In the material below, the lines between the one holding "Porsche of Melbourne Welcome Area" and the one holding "School Rafaël is", inclusive, are to be set down word for word. Pictures stay out.

──────

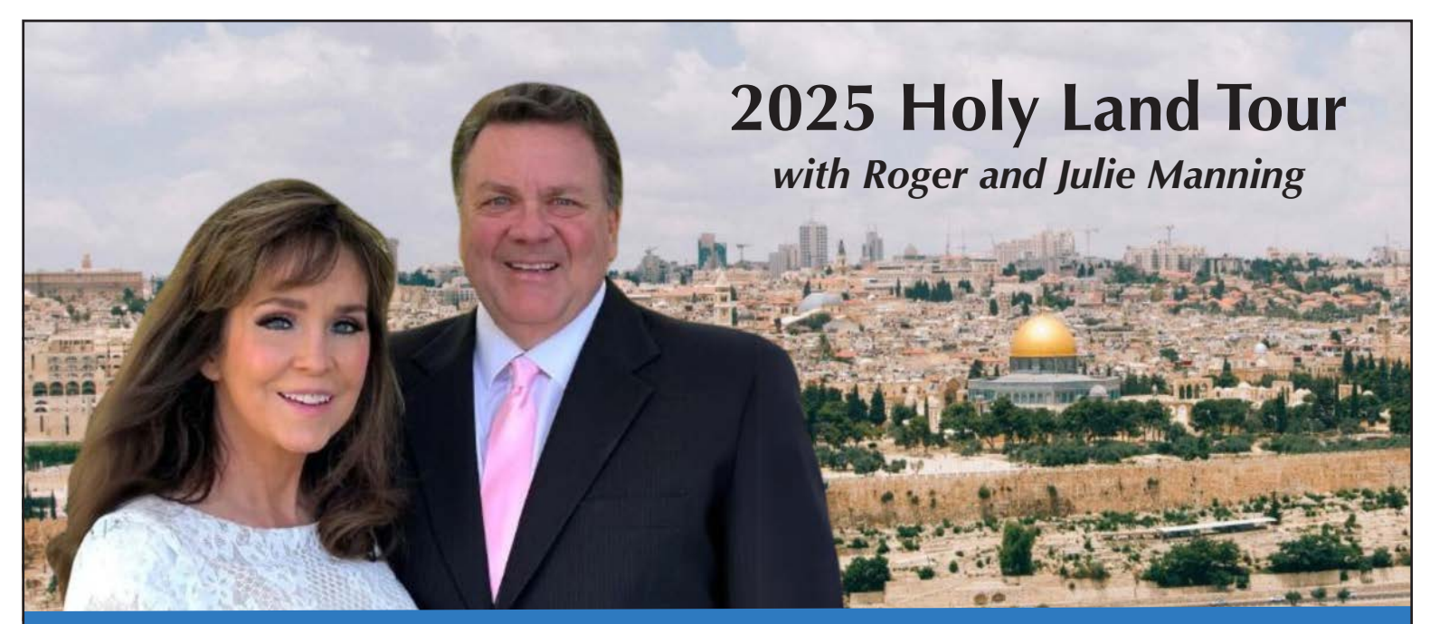
November 7-17, 2025

Welcome to an unforgettable experience! Immersing yourself in the spirit of the Holy Land will help provide a greater appreciation for the numerous sacred sites and events as recorded in the Bible. The focus of our tour will be on the life and ministry of Jesus Christ. We will visit many sacred, traditional areas of Jerusalem (Mt. of Olives, Lazarus' Tomb, Gethsemane, Golgotha, Holy Sepulcher), Galilee, Nazareth, Masada, the Dead Sea, and Bethlehem. We are confident you will sense an increased love for and knowledge of the Scriptures and strengthen your testimony and conversion to our Savior, Jesus Christ.
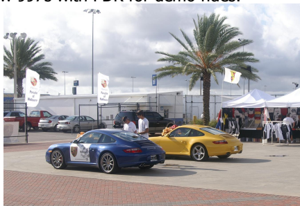
Porsche of Melbourne Welcome Area

A big Thank You also to Porsche of Melbourne for being Title sponsor of this event. They also had new 997s with PDK for demo rides.
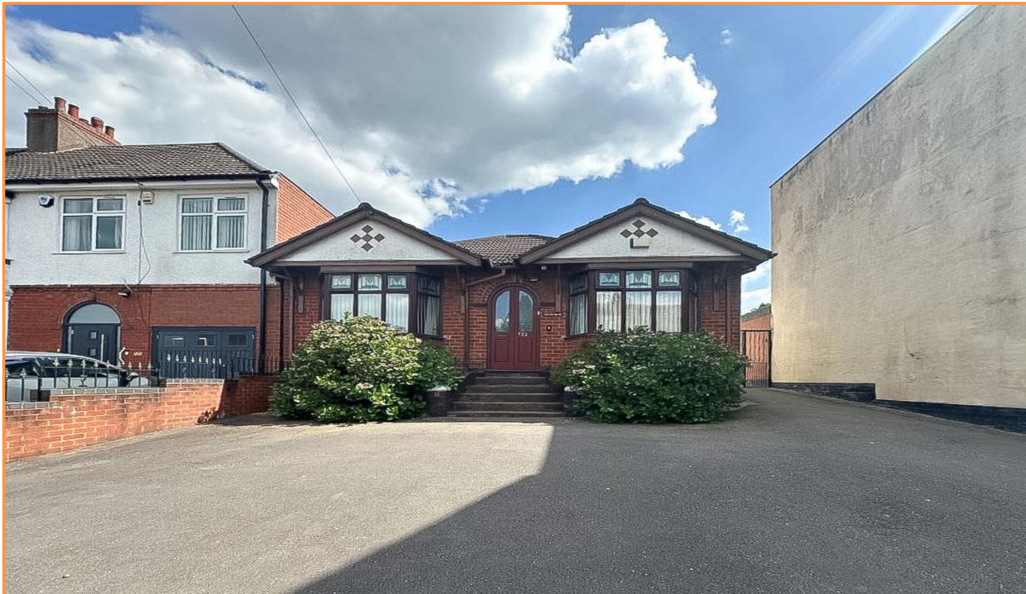
Gipsy Lane, Willenhall, WV13 2HG
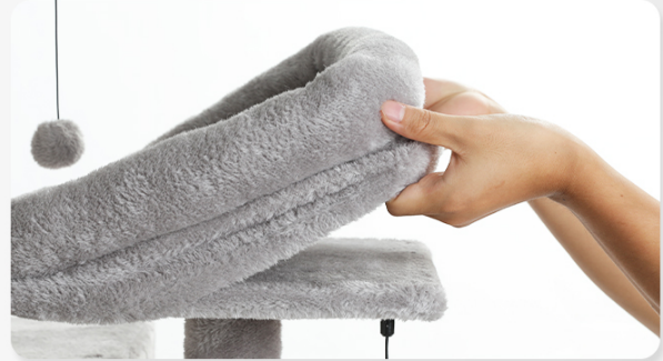
Machine-Washable Detachable Perch

Image: A cat actively scratching a sisal-covered post, illustrating the multiple scratching areas available.
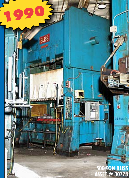
500-TON BLISS ASSET # 30778
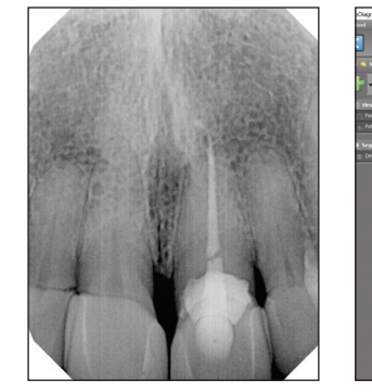
Figure 21. The 3-year postop periapical radiograph, taken after repair of resorption and restoration.
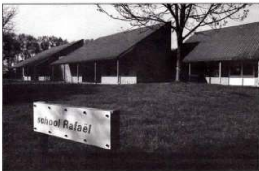
School Rafaël is the deafblind department of the Instituut voor Doven which is based in the town of Sint Michielsgestel

During its first 20 years the department grew slowly, but its development began to accelerate after 1981. In recent years the number of children admitted to the Rafaël department has continued to increase and now numbers 70. One change has been the fall in the proportion of children with Rubella syndrome in recent years, from around 80% of our population ten years ago to some 50% today. Many children admitted in recent years have different syndromes: Zwiellerger syndrome, Goldenhar syndrome, CHARGE association and Usher syndrome. It naturally makes a great difference whether a child is deaf and blind from birth or whether one or both function losses developed at a later stage in the child's development.
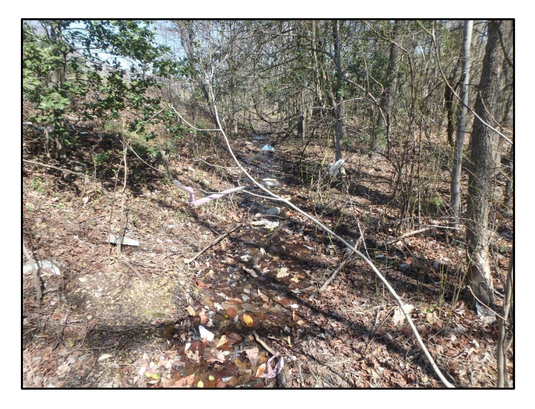
Waters 3H – Intermittent
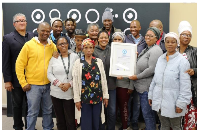
Hillside 2 NHW receiving their accreditation certificate at the NHW Brand Launch on 16 March 2020.
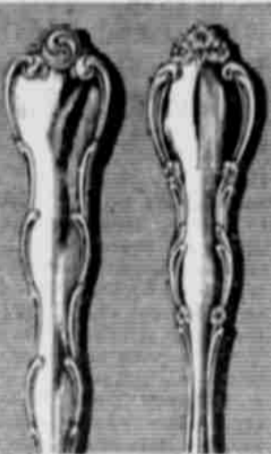
Woods $33.75 Moss Tiera $33.75

FOR A MERE 33¢ PER WEEK PER PLACE-SETTING! NO DOWN PAYMENT! NO CARRYING CHARGE!
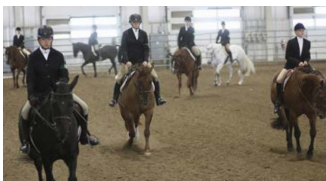
Lancaster County has the largest 4-H county fair horse show in the state, with 41 events spanning seven days. This year, 123 horse exhibitors competed in 1,076 total entries. Pictured is English Pleasure.
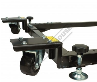
2 x Swivel Wheels with Adjustable Stops
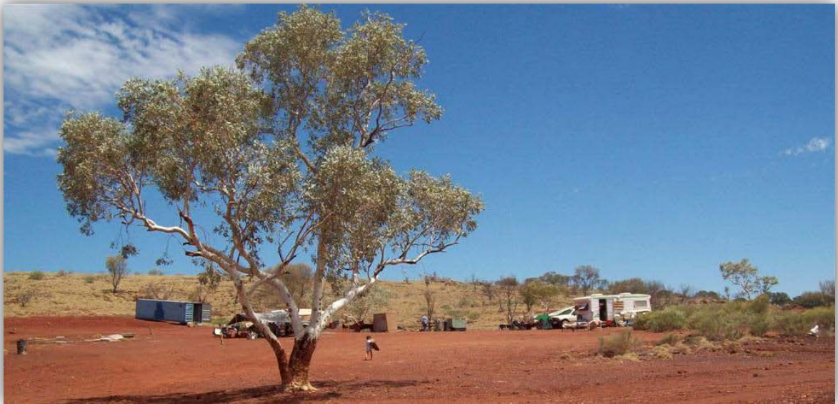
Wirrillimarra Community – 150Kms east of Tom Price

Accordingly, this may have the consequence of encouraging native title agreements with lump sum payments as the principle compensation for the proposed land use due to its income tax treatment.

──────

• **Solution for this exercise**
Porsche of Melbourne Welcome Area

A big Thank You also to Porsche of Melbourne for being Title sponsor of this event. They also had new 997s with PDK for demo rides.
Gipsy Lane, Willenhall, WV13 2HG
Machine-Washable Detachable Perch

Image: A cat actively scratching a sisal-covered post, illustrating the multiple scratching areas available.
500-TON BLISS ASSET # 30778
Figure 21. The 3-year postop periapical radiograph, taken after repair of resorption and restoration.
School Rafaël is the deafblind department of the Instituut voor Doven which is based in the town of Sint Michielsgestel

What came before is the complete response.